Index: compiler-rt/test/xray/TestCases/Posix/arg1-arg0-logging.cpp
===================================================================
--- compiler-rt/test/xray/TestCases/Posix/arg1-arg0-logging.cpp
+++ compiler-rt/test/xray/TestCases/Posix/arg1-arg0-logging.cpp
@@ -6,7 +6,7 @@
 // RUN: XRAY_OPTIONS="patch_premain=true verbosity=1 xray_logfile_base=arg0-arg1-logging-" %run %t
 //
 // TODO: Support these in ARM and PPC
-// XFAIL: target={{(arm|aarch64|mips).*}}
+// XFAIL: target={{(arm|aarch64|loongarch64|mips).*}}
 // UNSUPPORTED: target=powerpc64le{{.*}}
 
 #include "xray/xray_interface.h"
Index: compiler-rt/test/xray/TestCases/Posix/always-never-instrument.cpp
===================================================================
--- compiler-rt/test/xray/TestCases/Posix/always-never-instrument.cpp
+++ compiler-rt/test/xray/TestCases/Posix/always-never-instrument.cpp
@@ -9,7 +9,7 @@
 // RUN:    FileCheck %s --check-prefix NOINSTR
 // RUN: %llvm_xray extract -symbolize %t | \
 // RUN:    FileCheck %s --check-prefix ALWAYSINSTR
-// REQUIRES: x86_64-target-arch
+// REQUIRES: x86_64-target-arch || loongarch64-target-arch
 // REQUIRES: built-in-llvm-tree
 
 // NOINSTR-NOT: {{.*__xray_NeverInstrumented.*}}
Index: compiler-rt/lib/xray/xray_tsc.h
===================================================================
--- compiler-rt/lib/xray/xray_tsc.h
+++ compiler-rt/lib/xray/xray_tsc.h
@@ -43,7 +43,7 @@
 #elif defined(__powerpc64__)
 #include "xray_powerpc64.inc"
 #elif defined(__arm__) || defined(__aarch64__) || defined(__mips__) ||         \
-    defined(__hexagon__)
+    defined(__hexagon__) || defined(__loongarch_lp64)
 // Emulated TSC.
 // There is no instruction like RDTSCP in user mode on ARM. ARM's CP15 does
 //   not have a constant frequency like TSC on x86(_64), it may go faster
Index: compiler-rt/lib/xray/xray_trampoline_loongarch64.S
===================================================================
--- /dev/null
+++ compiler-rt/lib/xray/xray_trampoline_loongarch64.S
@@ -0,0 +1,121 @@
+//===-- xray_trampoline_loongarch64.s ---------------------------*- ASM -*-===//
+//
+// Part of the LLVM Project, under the Apache License v2.0 with LLVM Exceptions.

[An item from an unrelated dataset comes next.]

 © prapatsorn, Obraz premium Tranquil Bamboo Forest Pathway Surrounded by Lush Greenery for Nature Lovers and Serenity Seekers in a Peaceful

+// See https://llvm.org/LICENSE.txt for license information.
+// SPDX-License-Identifier: Apache-2.0 WITH LLVM-exception
+//
+//===----------------------------------------------------------------------===//
+//
+// This file is a part of XRay, a dynamic runtime instrumentation system.
+//
+// This implements the loongarch-specific assembler for the trampolines.
+//
+//===----------------------------------------------------------------------===//
+
+  .text
+  .file "xray_trampoline_loongarch64.S"
+  .globl __xray_FunctionEntry
+  .p2align 2
+  .type __xray_FunctionEntry,@function
+__xray_FunctionEntry:
+  .cfi_startproc
+  // Save argument registers before doing any actual work.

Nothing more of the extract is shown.